One reason might be that “memorizing” has become a dirty word in education (the “rote” part has become implicit). Yet all learning involves memory: it’s a spectrum, which is why spaced repetition improves generalization too (really, it improves learning anything at all). The second reason is that the “block model” of learning (learn one thing, learn the next) is much easier to implement in mass education; just as a factory, by being a system of mass production, is made as modular as possible, so too are our schools.

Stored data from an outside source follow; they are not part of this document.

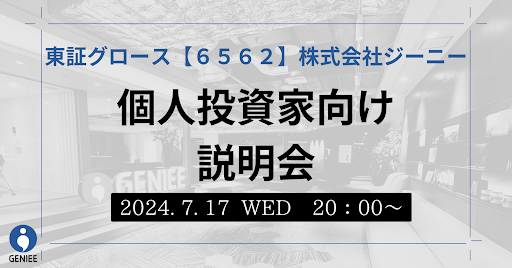 株式会社ジーニーは2024年7月17日(水)に、個人投資家向けの会社説明会を開催します。
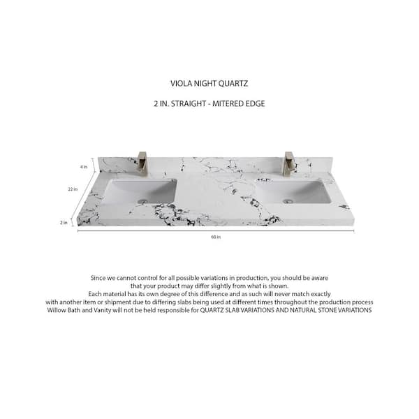 Hudson 60 in. W x 22 in. D x 36 in. H Double Sink Bath Vanity in Black with 2 in. Viola Night Qt. Top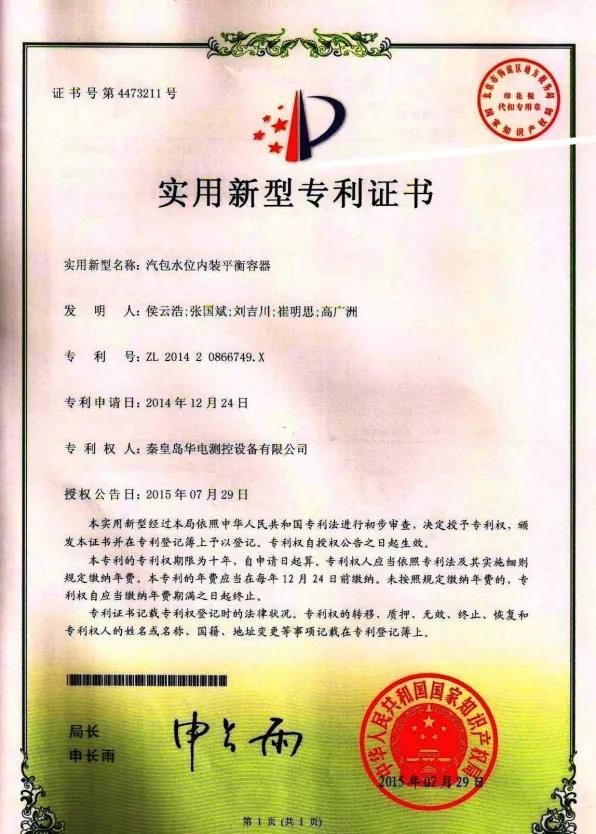 我公司中標的6套內裝平衡容器,型號HDSC-DNZ-2O,是我集團公司下屬秦皇島華電測控設備有限公司自主研發(fā)生產的專利產品(專利號:ZL201420866749.X),該產品自投入市場后,使用效果良好,水位測量精準,深受廣大用戶好評。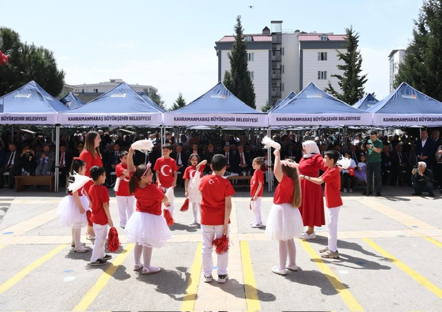Kahramanmaraş, 23 Nisan Ulusal Egemenlik ve Çocuk Bayramı’nı büyük bir coşku ve gururla kutladı. MADO Kadriye Kanbur İlkokulunda düzenlenen kutlama programı, şehir protokolünün ve vatandaşların yoğun katılımıyla gerçekleştirildi. Programa Büyükşehir Belediye Başkanı Fırat Görgel’in yanı sıra Vali Mükerrem Ünlüer, 2. Zırhlı Tugay Komutanı Tuğgeneral Tolga Genç, KSÜ Rektörü Prof. Dr. Alptekin Yasım, KİÜ Rektörü Prof. Dr. İsmail Bakan, Onikişubat Kaymakamı Salih Çiğdem, Dulkadiroğlu Kaymakamı Hicabi Aytemür, İl Jandarma Komutanı Tuğgeneral Ali Gemalmaz, İl Emniyet Müdürü Nurettin Gökduman, İl Milli Eğitim Müdürü Erhan Baydur, öğretmenler, öğrenciler ve aileler katıldı. Saygı duruşunda bulunulması ve İstiklal Marşı’nın okunmasıyla başlayan program, öğrencilerin hazırladığı renkli gösterilerle devam etti. Minik öğrenciler tarafından sergilenen şiir dinletileri, halk oyunları gösterileri ve çeşitli yarışmalar, katılımcılardan büyük beğeni topladı.

Unbounded by such concerns, I could go two steps forward, one step back. But I needed a set of phonics-based early readers that was large enough to trace a spiral. After completing simple phonics (described in Part 3), Roman could read “The cat sat on the mat” (slowly), but not “the feline reclined on the carpet.” Luckily, I was pointed to Julia Donaldson’s Songbirds Phonics books. Julia Donaldson is a renowned children’s book author, so unlike other phonics-based progression books, her set is well-written, with good illustrations, clever nods for parents, and an appropriate air of delight. They’re good books, in other words. This matters immensely, since the whole point is getting the kid to love books!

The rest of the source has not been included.